Fringe-lipped bats, also called frog-eating bats, are named for their unusual wart-like bumps on their lips and muzzle. They snack on Tungara frogs, which they locate by listening to their calling sounds, and can also use their echolocation abilities to detect water ripples surrounding the frogs — even long after the frogs stopped calling.
While these bats have been studied by researchers in the past, their learning and long-term memory in the wild has largely remained a mystery. Now, a group of researchers working at the Smithsonian Tropical Research Institute (STRI) found that the bats can remember the sounds of their prey (frogs and large insects) for up to four years.
The STRI researchers, led by May Dixon, trained a group of 49 fringe-lipped bats (Trachops cirrhosus) to respond to cellphone ringtones played through speakers. The ones that responded to two of the tones found a bait fish reward on the speaker every time, while the bats that responded to three other tones were never rewarded.
The bats quickly learned to fly to the speaker only when ringtones indicated a snack, and not to respond to the other tones. They were then microchipped and released into the wild. One to four years later, the team recaptured eight trained bats. When they played the experimental sounds again, the bats recognized and responded to them.
“This is truly extraordinary,” Rachel Page, a study co-author and researcher at STRI, told The Daily Texan news website. “It would be like remembering cues associated with a meal you had four years later.
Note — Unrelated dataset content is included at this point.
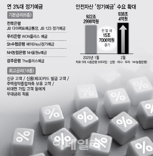 하지만 가입액과 우대금리를 고려하면 연 3%대 이자를 챙길 수 있다. 100만원부터 가입할 수 있는 전북은행 ‘JB 다이렉트예금통장’과 ‘JB 123 정기예금’은 각각 3.05%, 3%의 기본 금리를 유지하고 있다. 1만원부터 가입할 수 있는 우리은행 ‘WON플러스 예금’, 10만원부터 통장을 개설할 수 있는 수협은행 ‘헤이(Hey)정기예금’, 농협은행 ‘NH올원e예금’, 1000만원부터 신규로 적립할 수 있는 광주은행 ‘The플러스예금’이 연 3%의 기본 금리를 적용한다.

We now know that these bats have the potential for very long memories for prey cues, and don’t have to relearn them each time.”
Bats with a long memory
The ringtones the researchers chose for the experiments weren’t random and included the beep of a car being unlocked and the ping of an incoming text message alert, for example. They sounded clearly human-generated, so the bats wouldn’t hear them in the wild but were also frog-like enough in order to make the bats sufficiently interested.
“The reason we use these sounds is (because) they are something the animals would never hear in the wild,” Dixon, a postdoctoral scholar, said in a statement. “We could be sure that the only experience the animals had with it was the experience that we train them with. But it’s actually not that dissimilar to the sounds of the frogs.”
The experiment raises further questions regarding how memory works in these bats and other animals. Studying long-term memory is very difficult as it takes a long time by definition, the researchers said. And while testing memory in captive animals is convenient, it’s not necessarily representative of what animals remember in the wild.
Their long memory could be helping the bats know which frogs to approach and which not to, and could also enable them to eat seasonal frogs without having to relearn their calls after long periods, Dixon said. In the future, she said she would like to carry out comparative studies to see how this bat’s memory compares to other bats and animals.
The study was published in the journal Current Biology.